=== EXTRACTED DATA ===

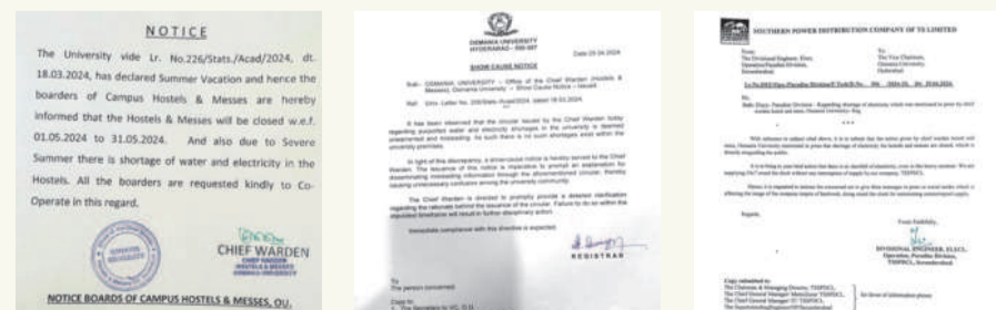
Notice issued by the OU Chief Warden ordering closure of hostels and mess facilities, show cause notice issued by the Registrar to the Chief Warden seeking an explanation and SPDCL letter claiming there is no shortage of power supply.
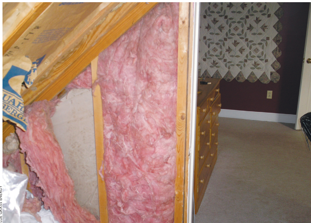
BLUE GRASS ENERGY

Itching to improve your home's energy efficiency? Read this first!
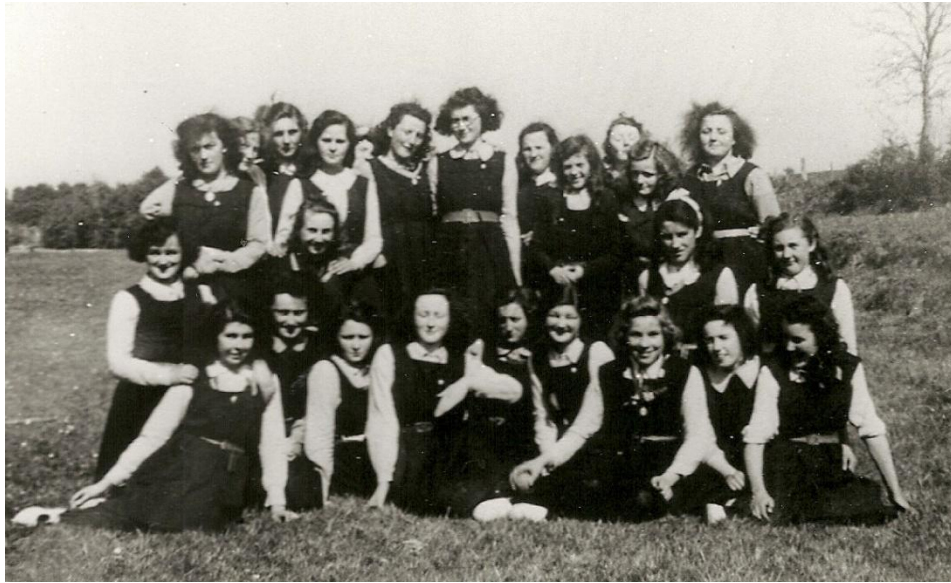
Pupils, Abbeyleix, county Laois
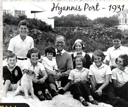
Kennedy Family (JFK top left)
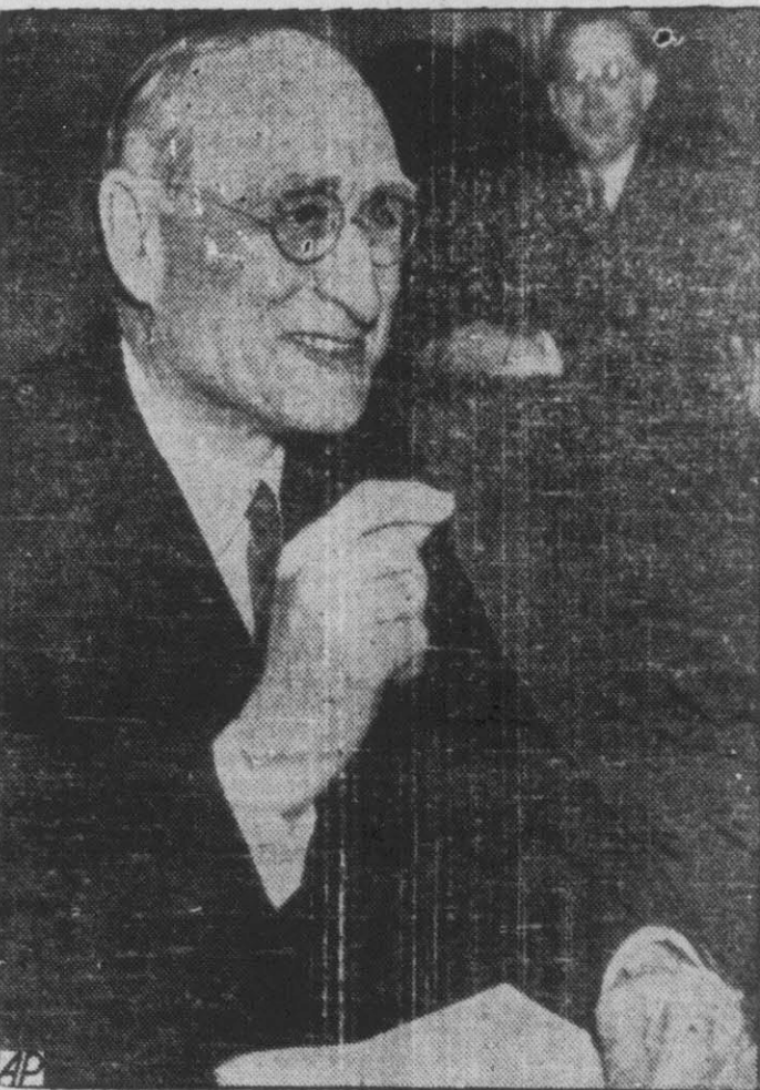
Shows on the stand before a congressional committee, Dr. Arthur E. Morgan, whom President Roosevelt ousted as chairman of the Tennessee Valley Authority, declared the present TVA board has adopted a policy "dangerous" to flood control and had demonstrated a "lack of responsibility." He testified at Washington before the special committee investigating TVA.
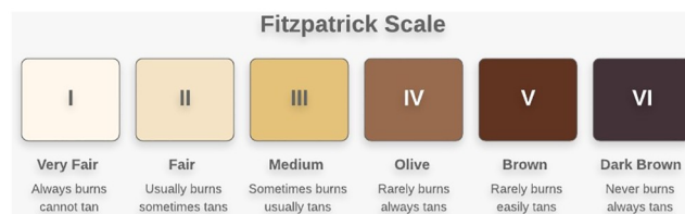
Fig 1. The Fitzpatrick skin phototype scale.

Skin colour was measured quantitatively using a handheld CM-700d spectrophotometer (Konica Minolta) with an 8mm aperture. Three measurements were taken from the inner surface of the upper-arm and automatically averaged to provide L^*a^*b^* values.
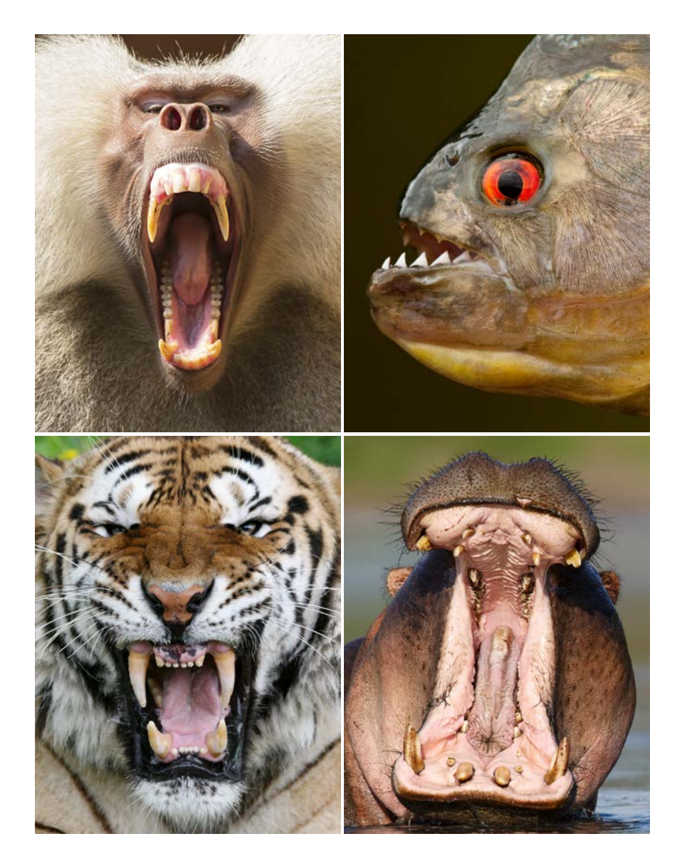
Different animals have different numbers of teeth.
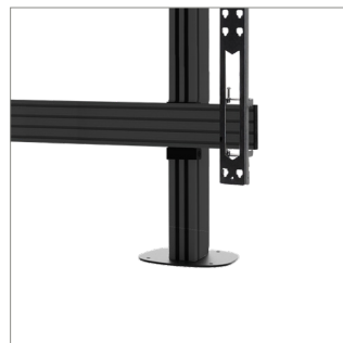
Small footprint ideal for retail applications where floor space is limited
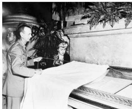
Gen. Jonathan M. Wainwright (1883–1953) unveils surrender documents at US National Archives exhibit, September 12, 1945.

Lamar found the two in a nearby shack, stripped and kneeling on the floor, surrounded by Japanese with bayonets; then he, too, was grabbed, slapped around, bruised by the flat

===
=== EXTRACTED DATA ===

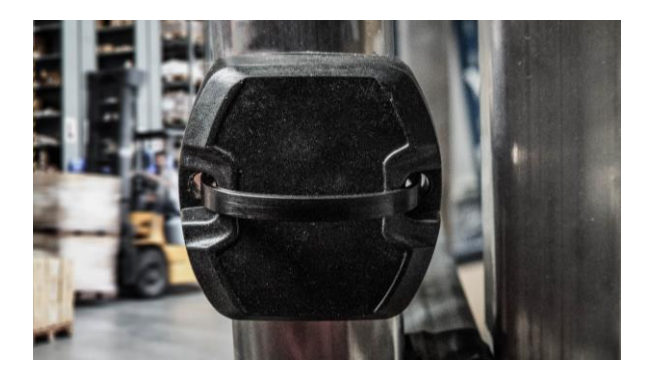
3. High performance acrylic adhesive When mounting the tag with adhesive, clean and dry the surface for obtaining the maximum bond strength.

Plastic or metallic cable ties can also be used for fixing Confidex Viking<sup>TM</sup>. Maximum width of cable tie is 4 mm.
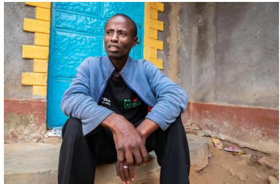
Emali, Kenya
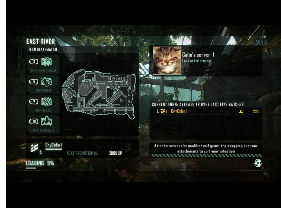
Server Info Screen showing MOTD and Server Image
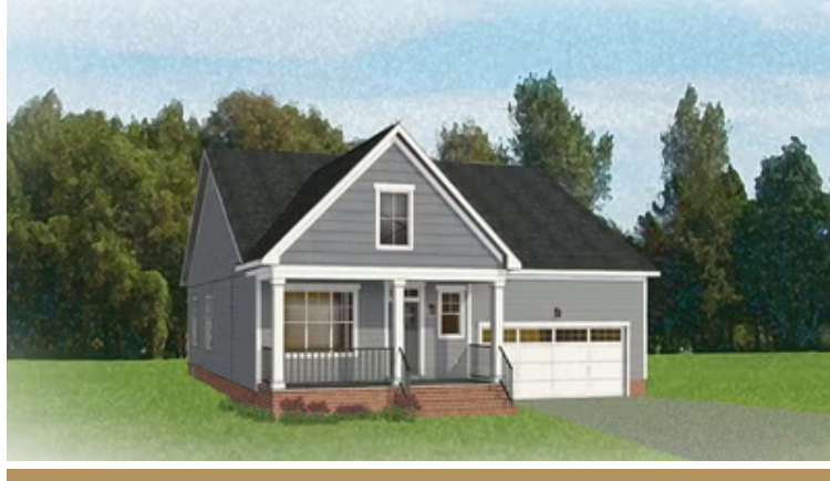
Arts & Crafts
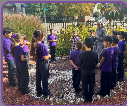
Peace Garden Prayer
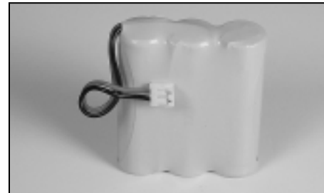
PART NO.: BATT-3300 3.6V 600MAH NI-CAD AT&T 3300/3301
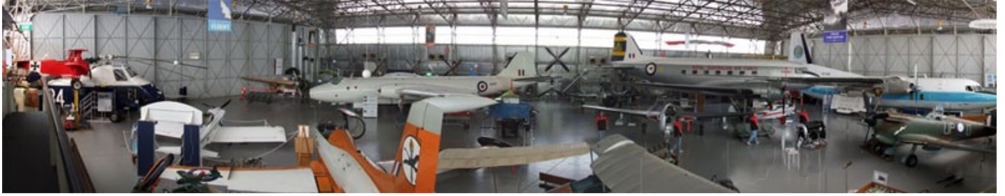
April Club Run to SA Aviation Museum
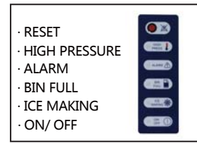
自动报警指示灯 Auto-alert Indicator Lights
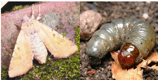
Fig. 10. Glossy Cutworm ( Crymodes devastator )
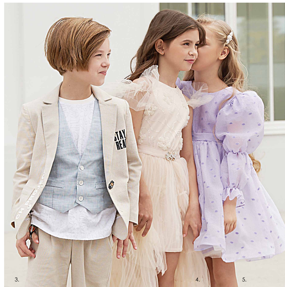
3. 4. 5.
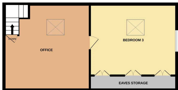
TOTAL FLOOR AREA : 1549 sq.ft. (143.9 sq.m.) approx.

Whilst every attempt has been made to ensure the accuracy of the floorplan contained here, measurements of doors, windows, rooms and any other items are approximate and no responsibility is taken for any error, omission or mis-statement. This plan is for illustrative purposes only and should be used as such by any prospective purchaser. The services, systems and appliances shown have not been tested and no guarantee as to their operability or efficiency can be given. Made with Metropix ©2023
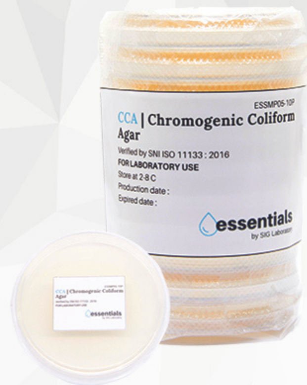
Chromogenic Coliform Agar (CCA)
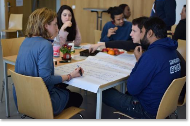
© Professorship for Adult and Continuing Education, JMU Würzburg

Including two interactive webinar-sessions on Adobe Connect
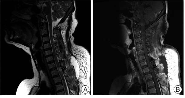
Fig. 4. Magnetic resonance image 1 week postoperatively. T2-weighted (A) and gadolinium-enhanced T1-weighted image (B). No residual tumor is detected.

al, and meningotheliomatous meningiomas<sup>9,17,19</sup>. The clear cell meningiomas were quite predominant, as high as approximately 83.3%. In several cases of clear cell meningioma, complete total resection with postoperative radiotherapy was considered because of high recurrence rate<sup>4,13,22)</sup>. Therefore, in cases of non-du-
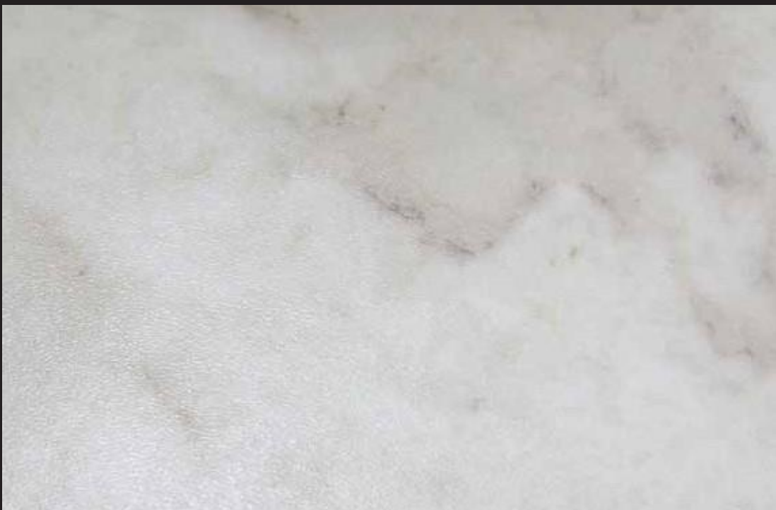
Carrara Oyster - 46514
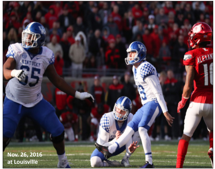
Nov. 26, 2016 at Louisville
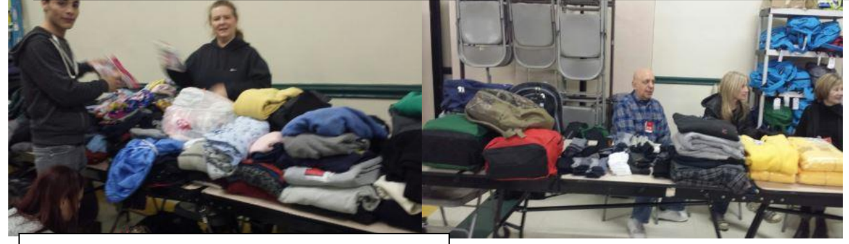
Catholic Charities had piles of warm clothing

===

• [PROBLEM TO SOLVE]:
Which lines hold the string "responsibility"? Copy all of them from the data above.

• [WRITTEN SOLUTION]:
Shows on the stand before a congressional committee, Dr. Arthur E. Morgan, whom President Roosevelt ousted as chairman of the Tennessee Valley Authority, declared the present TVA board has adopted a policy "dangerous" to flood control and had demonstrated a "lack of responsibility." He testified at Washington before the special committee investigating TVA.
Whilst every attempt has been made to ensure the accuracy of the floorplan contained here, measurements of doors, windows, rooms and any other items are approximate and no responsibility is taken for any error, omission or mis-statement. This plan is for illustrative purposes only and should be used as such by any prospective purchaser. The services, systems and appliances shown have not been tested and no guarantee as to their operability or efficiency can be given. Made with Metropix ©2023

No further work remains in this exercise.